エイムネクストは「スマート・ファクトリー」と呼ぶ工場マネジメントシステムのコンセプトを提唱する。これは、工場内の設備や管理機器と基幹システムをネットワークで結び、一元化した情報を共有できるようにするもの。従来は設備機器ごとに異なるインタフェースや通信プロトコルを用いていたため難しかったが、「ネットワークのオープン化が進んだほか、機器を監視するセンサー類も安価に購入できることから十分可能である」(代表取締役社長 清 威人氏)という。

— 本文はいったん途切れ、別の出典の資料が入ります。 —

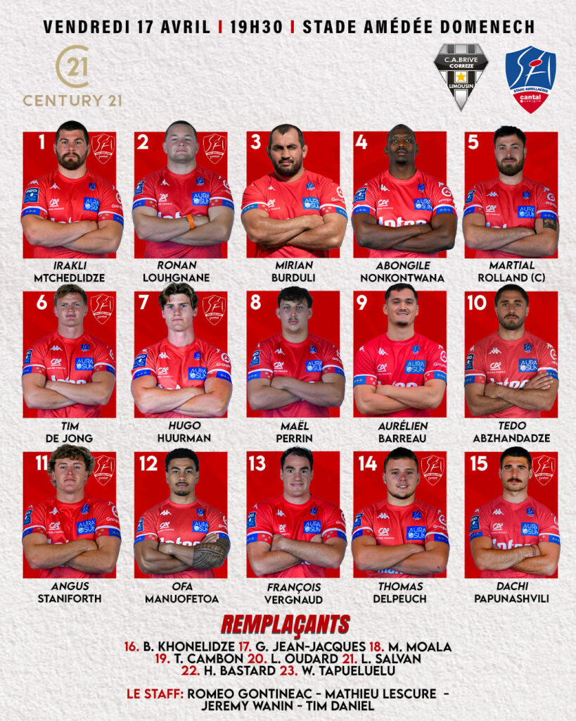 Voici le XV de départ d'Aurillac pour le déplacement à Brive :
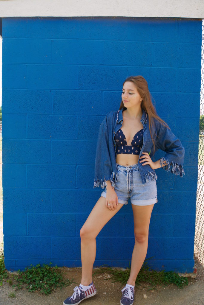 Denim is one of my favorite things to work with, so this look incorporates a lot of denim and blue colors. I have on some vintage denim shorts and a blue crop top. I am also wearing an oversized denim button-up shirt that I thrifted and distressed. To finish the look off, I am wearing some American flag-printed sneakers.

具体的には、MES(製造工程の状況管理や作業を指示するシステム)やPLC(機器の制御装置)、設備/検査機器、各種センサーをネットワークで接続する。独自プロトコルを用いる設備機器については、プロトコルを変換する「OPC(OLE for Process Control)サーバー」を設置して対処。既存設備をネットワーク環境に取り入れることも可能だ。こうして集めたデータを、分析しやすい管理指標に変換して見える化する。
例えば、加熱処理する部品の温度を監視し、事前にしきい値を設定しておくことで、上限温度を超えた部品を不良品として洗い出せる。温度がしきい値に達しそうな段階でアラートを出し、不良品の発生を防ぐことも可能だ。部品ごとにラインを通過した際の情報を保持しているため、製品に不具合が見つかった場合、部品別にどの過程に原因があったのかを遡って調べられる。
「メーカーの品質保証に対する要求は厳しく、工場側は設備や工程を変更する度にメーカーに報告しなければならない。そのため、報告用の書類を作成する間接業務の負荷増加が問題となっている。スマート・ファクトリーを取り入れることで、人手に頼らず品質に関するデータを容易に収集できる。書類作成に要する時間短縮も見込める」(清氏)。
デモセンターは2011年3月1日より稼働しており、すでに50社程度の企業が視察に訪れたという。導入プロジェクトも国内で2社、海外で1社が進行中だ。
同社は日本インフォアと共同でコンサルティングにも力を入れる。「スマート・ファクトリーを実現するためには、技術的な施策だけではなく、人や組織、業務手順の見直しも不可欠である。特に情報システム部門と設備部門が連携し、業務改革を推進する組織の構築が必要である」(清氏)と指摘する。